Let's talk about "self-reliance" as it relates to career and learning. The three aspects of this we're going to discuss are:

  • Research
  • Failure
  • Asking for Help


You're sitting at your desk, and you've got a piece of code that isn't working, or some other challenge... it's not even technical! You're stuck and you've run out of ideas, so you need to turn somewhere else for answers.

The first instinct of many people in this situation is to simply ask someone else, but I virtually guarantee that others have already done that, and you can likely find your answer on Google! Obvious, right!?

The problem many people encounter when turning to Google (or any form of research like this) is that they will try to be too specific in what they are looking for, and a lot of the time it will result in little to nothing being found. What you can do, instead, is search for variations of your issue - for example, take parts of an error message or the error code so that you can get a broad understanding of what you could be looking at.

For tech purposes, Stack Overflow is a common resource that people will turn to directly, or which will come up in searches. Very frequently, you'll find an answer to your question on Stack Overflow, but it may not be the answer. By this I mean that the solution you find may work, but it may not be the most efficient way to address the problem. 

The goal of your research should not only be to find an answer, but to learn from the plethora of information you find so that you can determine the best approach forward.


Next up, we're going to about failure.

Isn't this what got us here to start!? Yes, but it's also the best way to learn!
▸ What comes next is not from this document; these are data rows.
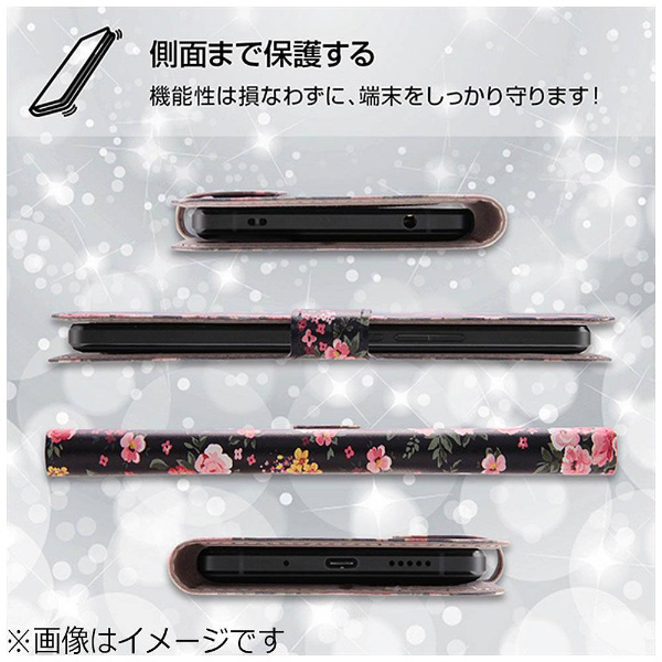 内側にはICカードポケットの付いた薄くてスリムなレザーに、オリジナルデザインがプリントされた手帳型ケース。マグネット式フリップ付きなのでケースの開閉が簡単に行えます。
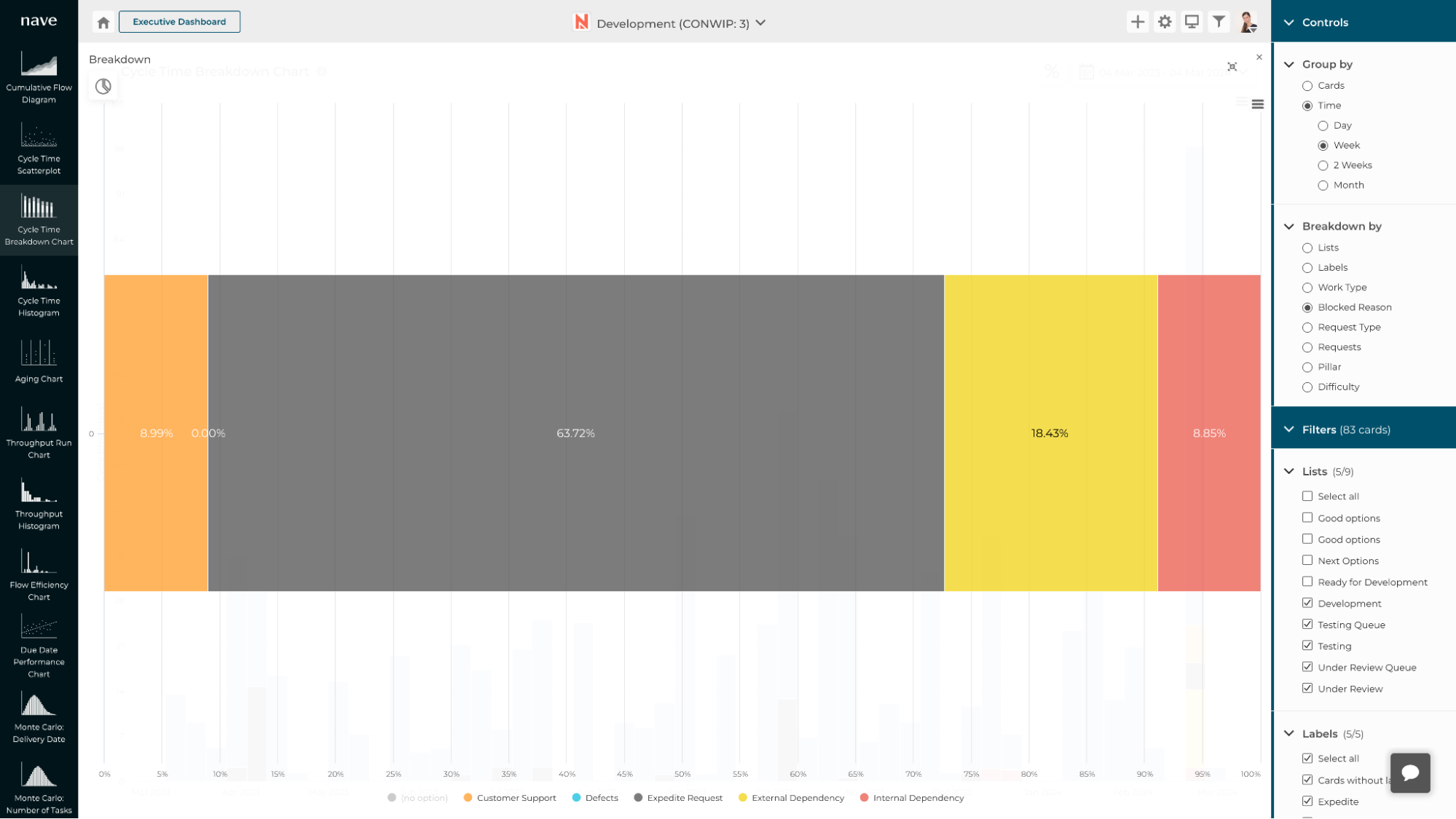 The above cycle time breakdown shows that 64% of the blocked time is being caused by Expedite Requests. This group is the most impactful one of the blockers that cause delivery delays.
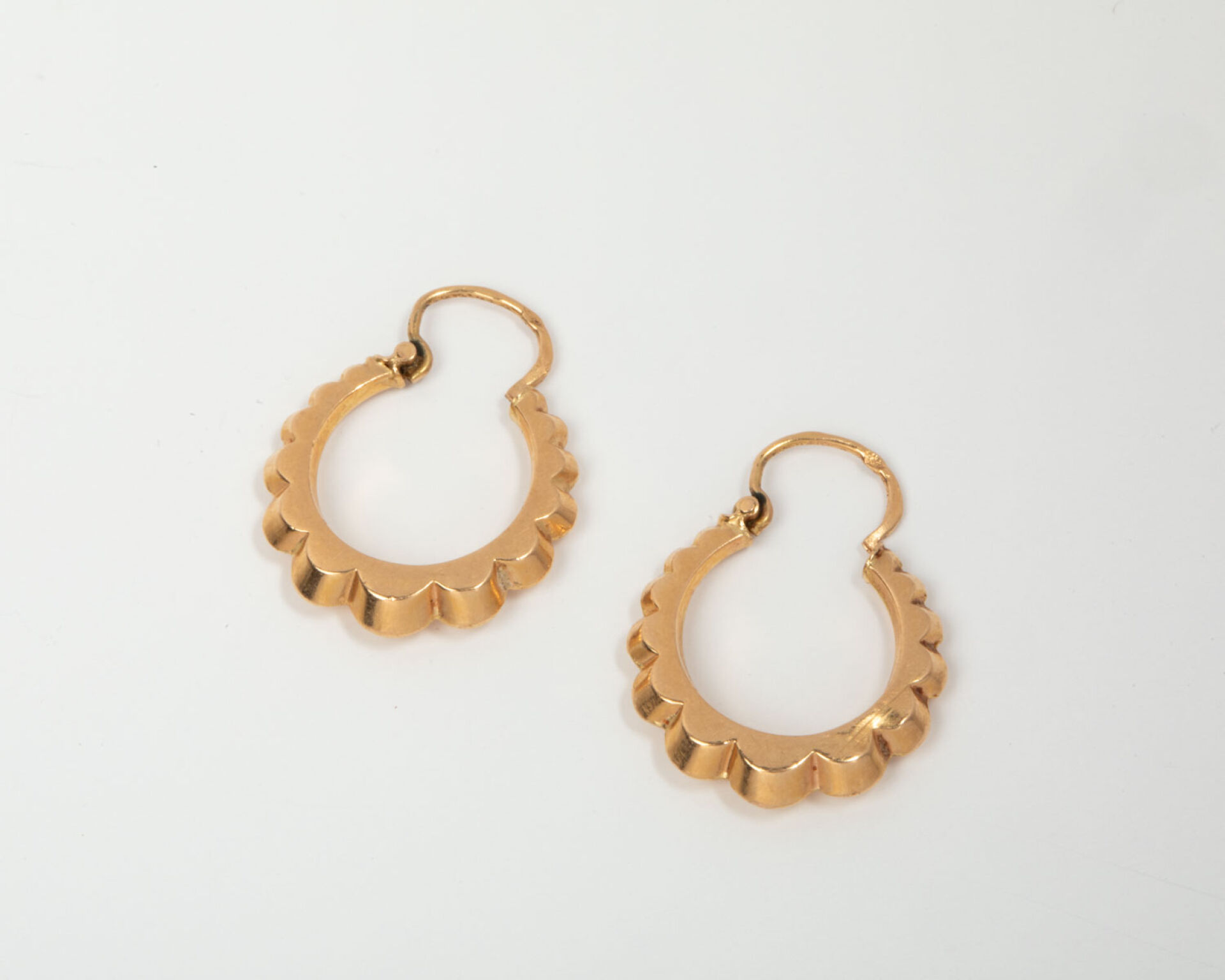 Paire de boucles d'oreilles crantées en or jaune (750 millièmes) Poids : 1.6 g.
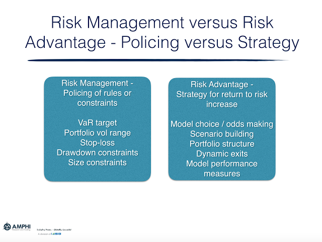 As risk premiums are further identified and enter the public domain, the firm differentiator is the ability to adjust and adapt the risk exposure. Instead of risk management as a traffic cop function, risk-taking and management is a choice which must be decided upon no different than a return choice.
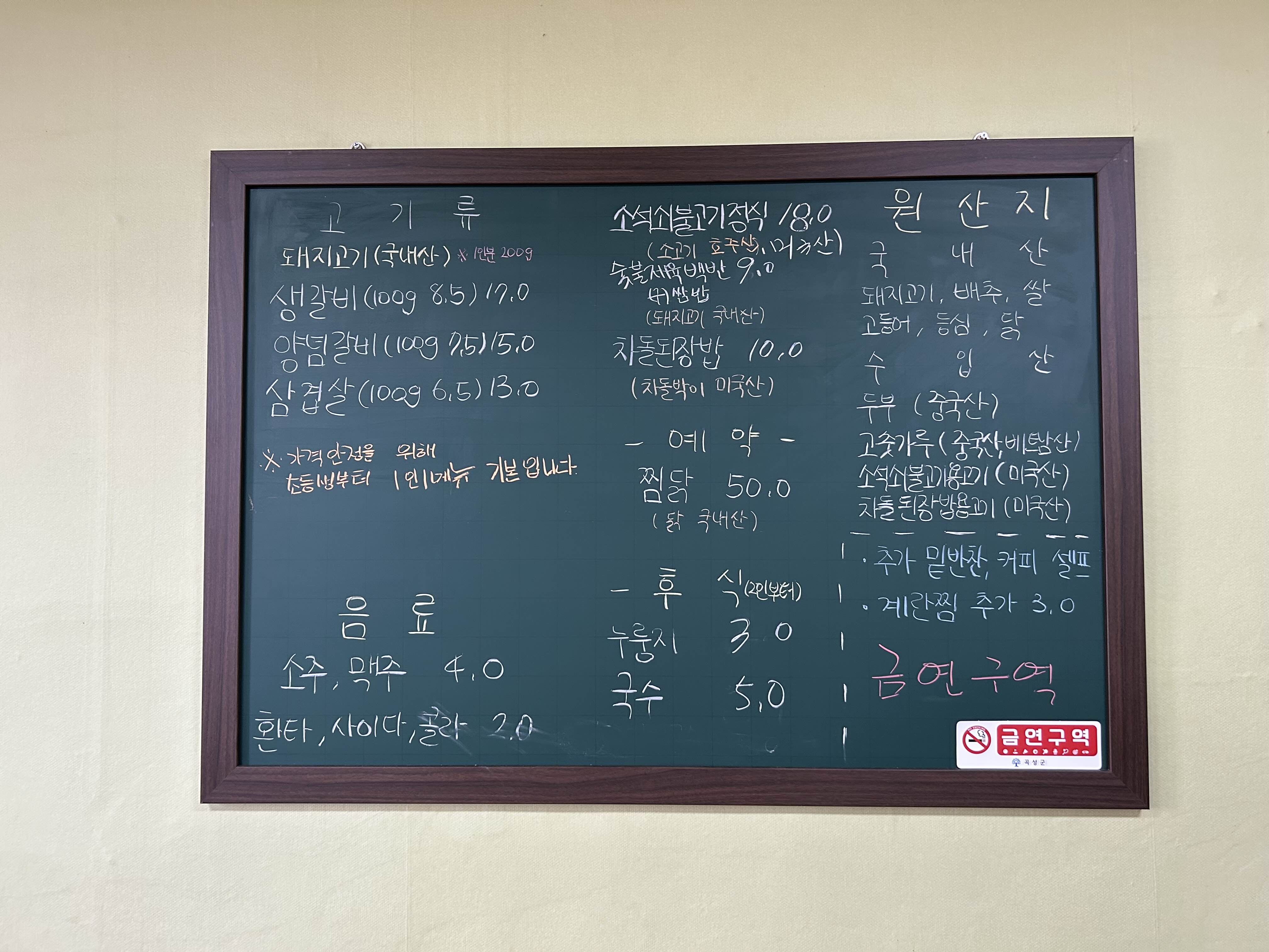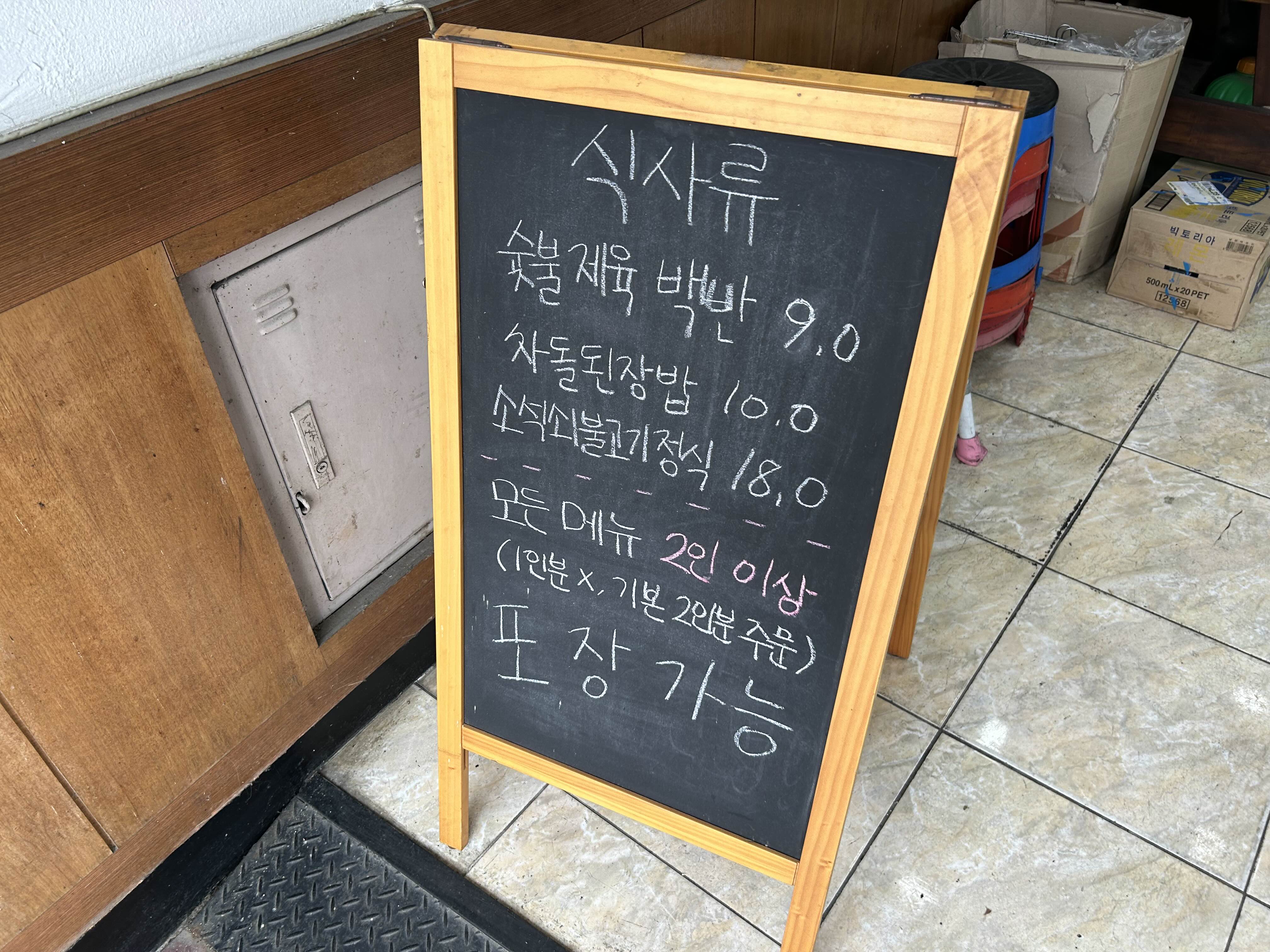 매장입구에 대표메뉴가 적혀있습니다. 저희는 맨 윗쪽에있는 숯불제육 백반으로 먹기로 결정했습니다. 대표메뉴 가격만 봐도 도전해볼만 하다 라는 생각이 들더라구요.

Continuing with the example of some broken code - you've now done some research, found ten or twenty different ways to code around the problem, and now you need to implement those and find out:
  1. Do they work?
  2. Which is the best for your purposes?
  3. What can you change to make it work even better?
It may seem intuitive that you want to test your code before using it in the real world, but this meme exists for a reason:
Image result for test in production

Work in your local (or cloud based) development environment, break things until you find what works best!

Asking for Help

We've done research, and now we've tried, and failed, to solve the problem. On the plus side, we've learned a ton about the situation and some ways to address and avoid similar problems in the future, but are still stuck... it's time to ask for help!

Yes, you could have started out with this, but the reason it's the last step is that the goal here isn't only to solve a problem - it's to learn from solving it. The great part about having done your research, and having tried things, is that you've not only saved yourself time in the future but you're going to save time for the person you're going to be asking as well.

The first questions that you will get almost every time when asking for help are "What's the issue, and what have you tried?".

By having tried many things and researched before involving someone else and using their time, you can answer this with an educated statement around what has not worked, what may have gotten you part of the way toward an answer, and what you think might be the path forward.

Chances are that the person you're asking for help already is going to follow, or already has in their past experience, the exact same steps here. It's due to this experience, that you're now trying to build, that you'll be able to work together to get a quick and good solution.

I know this all seems like it's common sense, but you'd be surprised at how many people skip this process and just jump to asking other people - especially skipping the "Failure" after not finding an exact answer after some preliminary research. At the end of the day, yes, getting your solution was slower than just asking, but think of all of the time that you've now saved yourself in the future, as well as the time that would have been working through these same steps with someone else.